Oh, and there’s a third fleet manager whose new management apparently don’t approve of his exemplary methods, even though he has massively improved fleet costs across all areas and engaged with his fleet drivers resulting in an increase in staff morale. The people making these over-arching decisions may understand figures, but not the ramifications of the resulting loss of expertise.

Nobody is indispensable and all aspects of fleet can be outsourced, but the fact is that as it becomes more prevalent, there is a wealth of knowledge being lost. In an ideal situation – and the outsource companies admit this themselves – there remains a technical expert within the client company who pulls it all together, and who can pass judgement on the proposition, both existing policy and future recommendations.

Understandably, that might become a dual role, combined with travel or facilities or HR. But I don’t see much evidence of that happening; the country’s best fleet managers are being made redundant, maybe rocking up as consultants on the other side of the fence. There are a lot fewer fleet managers than five years ago.

Without that in-house expertise crucial aspects of running a fleet are in danger of being lost, as the outsourced service may be pared back by the uneducated client to cut costs again. Licence checking? Let’s not bother, of course everyone has a licence; accident reviews – what do we need them for, it was an accident for heaven’s sake. Tyre checks – don’t the garage do that when the car goes in for a service? Whole life costs – sounds complicated, tell you what, let’s just give everyone cash and then they can sort themselves out and we don’t have to worry. And against that kind of blind ignorance, standards will deteriorate and all the hard work the fleet luminaries put in to improve driver safety and promote a strong and ethical company image will be lost.

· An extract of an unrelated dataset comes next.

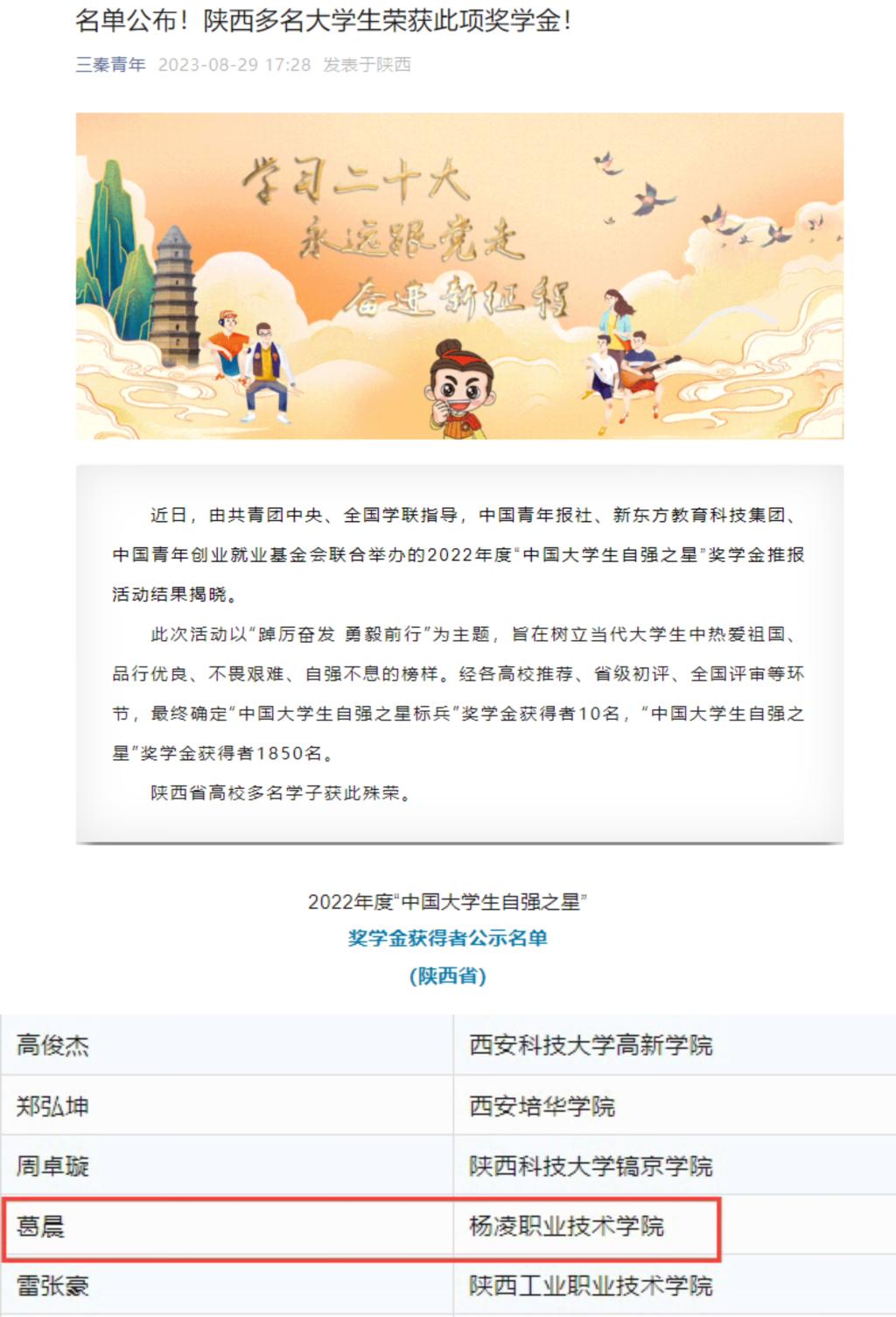 近日,由共青团中央、全国学联指导,中国青年报社、新东方教育科技集团、中国青年创业就业基金会联合举办的2022年度“中国大学生自强之星”奖学金推报活动结果揭晓,我校水利工程学院学生葛晨荣获2022年度“中国大学生自强之星”称号。

Think I’m being over-imaginative? Maybe, but think again. As we lose these fleet heavyweights, it’s not just their own businesses which are losing that expertise, but the fleet community in general.

When I got into fleet, much of what I learned was gleaned from other fleet managers’ experience, either through the fleet press or networking opportunities. The stalwarts were happy to share their knowledge with a newbie and there’s a lot to be said for learning by others’ successes – and claiming them as your own, of course.

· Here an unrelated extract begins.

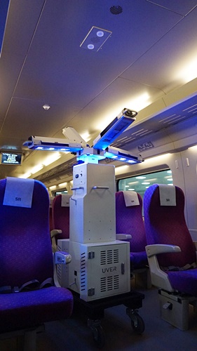 앞서 유버는 SRT 수서역 및 기차 내 객실에 LED 살균 로봇을 공급했다(사진. 유버).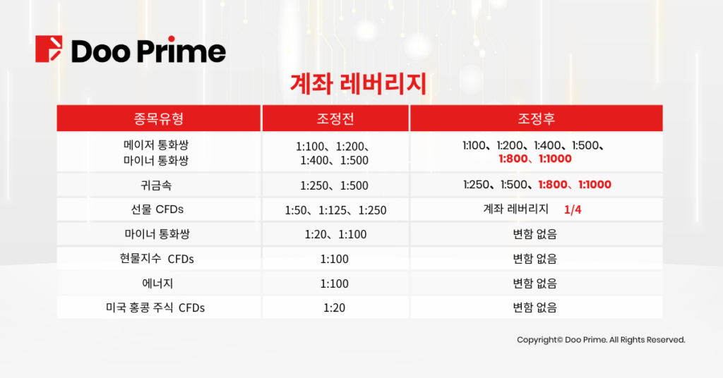 2022년11월19일 Doo Prime은 공식적으로 모든 계정 유형의 선택 가능한 레버리지를 1:500에서 1:1000배로 상향 조정하여 더 다양한 레버리지 옵션을 제공하여 전 세계 고객님들께서 적은 자본으로 더 높은 이익을 취할 수 있는 기회를 제공합니다.

The networking and learning opportunities are still open to us, through channels such as ACFO and ICFM, whose doors are open to interested parties, but unless we actively support them, and indeed they broaden their appeal, they too may disappear.

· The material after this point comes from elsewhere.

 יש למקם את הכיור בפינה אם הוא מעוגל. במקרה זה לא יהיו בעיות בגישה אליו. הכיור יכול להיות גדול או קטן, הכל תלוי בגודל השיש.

The internet has changed the world. Nowadays you can Google almost anything and gain knowledge within seconds – but that’s not the same as applied expertise, from practical fleet management learned over 20, 30, 40 years. It has often been claimed that fleet is the second largest business expense next to company pensions, so it would be foolish to look at it as an inconsequential and unimportant facet of one’s business. But unfortunately the new breed who have fleet loosely within their wider remit don’t necessarily know what they don’t know.